As filed with the Securities and Exchange Commission on August 15, 2025
Registration No. 333-
UNITED STATES
SECURITIES AND EXCHANGE COMMISSION
WASHINGTON, D.C. 20549
FORM S-8
REGISTRATION STATEMENT
UNDER
THE SECURITIES ACT OF 1933
HANESBRANDS INC.
(Exact name of registrant as specified in its charter)
Maryland | 20-3552316 | |
(State or other jurisdiction of incorporation or organization) |
(I.R.S. Employer Identification No.) |
101 N. Cherry Street
Winston-Salem, North Carolina 27101
(Address, including zip code, of registrant’s principal executive offices)
Hanesbrands Inc. 2020 Omnibus Incentive Plan, As Amended
(Full title of the plan)
M. Scott Lewis
Chief Financial Officer and Chief Accounting Officer
101 N. Cherry Street
Winston-Salem, NC 27101
(336) 519-8080
(Name, address, including zip code, and telephone number, including area code, of agent for service)

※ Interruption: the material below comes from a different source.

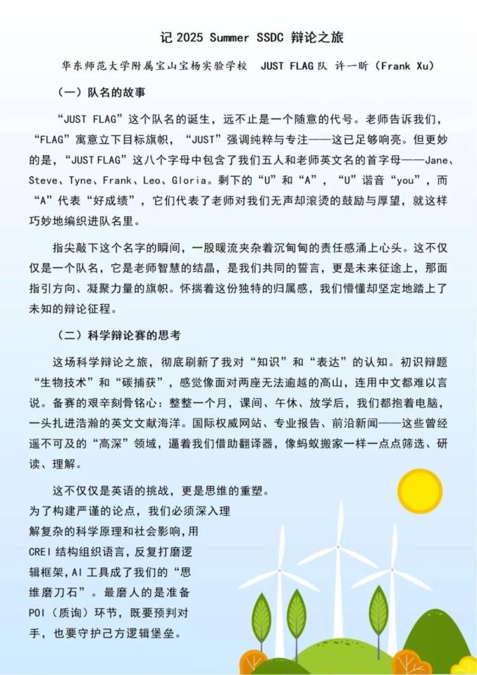 暑假,我意外成为SSDC辩论二队Rising Flag的队长,与队员早八晚五备赛。难忘熬夜备赛、雨中模拟辩论赢外教夸赞,虽未参赛,却收获成长。这段咬牙坚持、共享喜悦的时光,终将成为我回望青春时,最明亮的坐标。
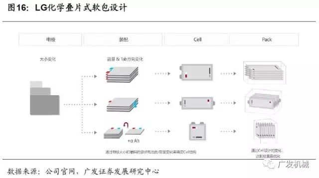 在技術(shù)上,LG化學(xué)正極采用的主要是三元NCM材料,在電池包裝方面,LG化學(xué)大部分采用疊片式軟包設(shè)計,是海內(nèi)外公認(rèn)的軟包龍頭企業(yè)。軟包鋰電池所用的關(guān)鍵材料—正極材料、負極材料及隔膜—與傳統(tǒng)的鋼殼、鋁殼鋰電池之間的區(qū)別不大,最大的不同之處在于軟包裝材料(鋁塑復(fù)合膜),這是軟包鋰電池中最關(guān)鍵、技術(shù)難度最高的材料。軟包電池的包裝材料和結(jié)構(gòu)使其擁有一系列優(yōu)勢。1)安全性能好,軟包電池在結(jié)構(gòu)上采用鋁塑膜包裝,發(fā)生安全問題時,軟包電池一般會鼓氣裂開,不會爆炸。2)重量輕,軟包電池重量較同等容量的鋼殼鋰電池輕40%,較鋁殼鋰電池輕20%。3)內(nèi)阻小,軟包電池的內(nèi)阻較鋰電池小,可以極大的降低電池的自耗電。4)循環(huán)性能好,軟包電池的循環(huán)壽命更長,100次循環(huán)衰減比鋁殼少4%~7%。5)設(shè)計靈活,外形可變?nèi)我庑螤?,可以更薄,可根?jù)客戶的需求定制,開發(fā)新的電芯型號。軟包電池的不足之處是一致性較差,成本較高,容易發(fā)生漏液,技術(shù)門檻高。

Indicate by check mark whether the registrant is a large accelerated filer, an accelerated filer, a non-accelerated filer, a smaller reporting company or an emerging growth company. See the definitions of “large accelerated filer,” “accelerated filer,” “smaller reporting company” and “emerging growth company” in Rule 12b-2 of the Exchange Act.
Large accelerated filer |
☒ |
Accelerated filer |
☐ | |||
Non-accelerated filer | ☐ | Smaller reporting company | ☐ | |||
Emerging growth company | ☐ |
If an emerging growth company, indicate by check mark if the registrant has elected not to use the extended transition period for complying with any new or revised financial accounting standards provided pursuant to Section 7(a)(2)(B) of the Securities Act. ☐
EXPLANATORY NOTE
Hanesbrands Inc. (the “Registrant”) filed registration statements on Form S-8 with the Securities and Exchange Commission (the “SEC”) on May 8, 2020 (File No. 333-238100) and May 3, 2023 (File No. 333-271608) (the “Prior Registration Statements”) to register under the Securities Act of 1933, as amended (the “Securities Act”) shares of the Registrant’s common stock, par value $0.01 per share (the “Common Stock”), issuable pursuant to the Hanesbrands Inc. 2020 Omnibus Incentive Plan (as amended, the “2020 Plan”), which first became effective upon the approval by the Registrant’s stockholders on April 28, 2020 and was subsequently amended to increase the number of shares of Common Stock issuable thereunder effective April 24, 2023.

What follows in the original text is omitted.